» **Task**: Present the data once more in exactly its original form.

+-------+

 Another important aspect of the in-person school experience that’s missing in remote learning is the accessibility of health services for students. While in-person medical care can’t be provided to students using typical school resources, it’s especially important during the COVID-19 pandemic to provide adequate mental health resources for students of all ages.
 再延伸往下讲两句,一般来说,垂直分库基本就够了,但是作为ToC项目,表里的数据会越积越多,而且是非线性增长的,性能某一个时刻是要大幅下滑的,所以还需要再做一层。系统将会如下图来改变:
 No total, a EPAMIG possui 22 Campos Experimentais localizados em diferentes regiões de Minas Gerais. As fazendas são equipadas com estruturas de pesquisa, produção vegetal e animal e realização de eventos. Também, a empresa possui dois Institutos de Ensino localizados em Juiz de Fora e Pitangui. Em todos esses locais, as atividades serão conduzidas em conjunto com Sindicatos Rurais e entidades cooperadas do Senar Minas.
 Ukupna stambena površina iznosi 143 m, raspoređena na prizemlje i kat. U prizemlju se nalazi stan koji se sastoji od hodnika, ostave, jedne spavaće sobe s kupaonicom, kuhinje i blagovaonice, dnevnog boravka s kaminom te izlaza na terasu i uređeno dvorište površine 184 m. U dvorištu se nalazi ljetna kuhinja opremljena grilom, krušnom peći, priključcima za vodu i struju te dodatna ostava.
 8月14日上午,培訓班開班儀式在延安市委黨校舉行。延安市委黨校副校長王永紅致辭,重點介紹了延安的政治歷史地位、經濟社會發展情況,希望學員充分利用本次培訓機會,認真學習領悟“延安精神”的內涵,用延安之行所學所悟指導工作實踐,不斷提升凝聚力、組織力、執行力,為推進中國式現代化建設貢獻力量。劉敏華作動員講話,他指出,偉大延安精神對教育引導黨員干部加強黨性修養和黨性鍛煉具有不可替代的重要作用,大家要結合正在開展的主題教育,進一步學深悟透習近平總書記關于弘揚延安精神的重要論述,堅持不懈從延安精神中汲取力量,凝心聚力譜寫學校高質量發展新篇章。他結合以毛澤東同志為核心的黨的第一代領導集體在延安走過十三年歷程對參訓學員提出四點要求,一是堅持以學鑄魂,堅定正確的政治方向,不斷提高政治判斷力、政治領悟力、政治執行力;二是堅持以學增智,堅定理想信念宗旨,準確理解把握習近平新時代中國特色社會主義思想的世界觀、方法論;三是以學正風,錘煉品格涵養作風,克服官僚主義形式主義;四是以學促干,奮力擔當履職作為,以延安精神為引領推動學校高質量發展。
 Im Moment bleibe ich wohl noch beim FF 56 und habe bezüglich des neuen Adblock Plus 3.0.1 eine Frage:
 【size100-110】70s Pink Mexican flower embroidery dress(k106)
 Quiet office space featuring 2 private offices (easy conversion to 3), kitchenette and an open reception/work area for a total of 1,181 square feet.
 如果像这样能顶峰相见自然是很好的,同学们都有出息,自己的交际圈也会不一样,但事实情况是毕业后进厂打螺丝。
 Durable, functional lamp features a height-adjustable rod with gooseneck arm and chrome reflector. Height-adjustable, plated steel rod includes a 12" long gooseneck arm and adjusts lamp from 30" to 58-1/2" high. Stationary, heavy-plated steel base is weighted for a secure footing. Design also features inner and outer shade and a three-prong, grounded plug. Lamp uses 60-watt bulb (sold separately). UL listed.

+-------+

» **Solved exercise**:
 Another important aspect of the in-person school experience that’s missing in remote learning is the accessibility of health services for students. While in-person medical care can’t be provided to students using typical school resources, it’s especially important during the COVID-19 pandemic to provide adequate mental health resources for students of all ages.
 再延伸往下讲两句,一般来说,垂直分库基本就够了,但是作为ToC项目,表里的数据会越积越多,而且是非线性增长的,性能某一个时刻是要大幅下滑的,所以还需要再做一层。系统将会如下图来改变:
 No total, a EPAMIG possui 22 Campos Experimentais localizados em diferentes regiões de Minas Gerais. As fazendas são equipadas com estruturas de pesquisa, produção vegetal e animal e realização de eventos. Também, a empresa possui dois Institutos de Ensino localizados em Juiz de Fora e Pitangui. Em todos esses locais, as atividades serão conduzidas em conjunto com Sindicatos Rurais e entidades cooperadas do Senar Minas.
 Ukupna stambena površina iznosi 143 m, raspoređena na prizemlje i kat. U prizemlju se nalazi stan koji se sastoji od hodnika, ostave, jedne spavaće sobe s kupaonicom, kuhinje i blagovaonice, dnevnog boravka s kaminom te izlaza na terasu i uređeno dvorište površine 184 m. U dvorištu se nalazi ljetna kuhinja opremljena grilom, krušnom peći, priključcima za vodu i struju te dodatna ostava.
 8月14日上午,培訓班開班儀式在延安市委黨校舉行。延安市委黨校副校長王永紅致辭,重點介紹了延安的政治歷史地位、經濟社會發展情況,希望學員充分利用本次培訓機會,認真學習領悟“延安精神”的內涵,用延安之行所學所悟指導工作實踐,不斷提升凝聚力、組織力、執行力,為推進中國式現代化建設貢獻力量。劉敏華作動員講話,他指出,偉大延安精神對教育引導黨員干部加強黨性修養和黨性鍛煉具有不可替代的重要作用,大家要結合正在開展的主題教育,進一步學深悟透習近平總書記關于弘揚延安精神的重要論述,堅持不懈從延安精神中汲取力量,凝心聚力譜寫學校高質量發展新篇章。他結合以毛澤東同志為核心的黨的第一代領導集體在延安走過十三年歷程對參訓學員提出四點要求,一是堅持以學鑄魂,堅定正確的政治方向,不斷提高政治判斷力、政治領悟力、政治執行力;二是堅持以學增智,堅定理想信念宗旨,準確理解把握習近平新時代中國特色社會主義思想的世界觀、方法論;三是以學正風,錘煉品格涵養作風,克服官僚主義形式主義;四是以學促干,奮力擔當履職作為,以延安精神為引領推動學校高質量發展。
 Im Moment bleibe ich wohl noch beim FF 56 und habe bezüglich des neuen Adblock Plus 3.0.1 eine Frage:
 【size100-110】70s Pink Mexican flower embroidery dress(k106)
 Quiet office space featuring 2 private offices (easy conversion to 3), kitchenette and an open reception/work area for a total of 1,181 square feet.
 如果像这样能顶峰相见自然是很好的,同学们都有出息,自己的交际圈也会不一样,但事实情况是毕业后进厂打螺丝。
 Durable, functional lamp features a height-adjustable rod with gooseneck arm and chrome reflector. Height-adjustable, plated steel rod includes a 12" long gooseneck arm and adjusts lamp from 30" to 58-1/2" high. Stationary, heavy-plated steel base is weighted for a secure footing. Design also features inner and outer shade and a three-prong, grounded plug. Lamp uses 60-watt bulb (sold separately). UL listed.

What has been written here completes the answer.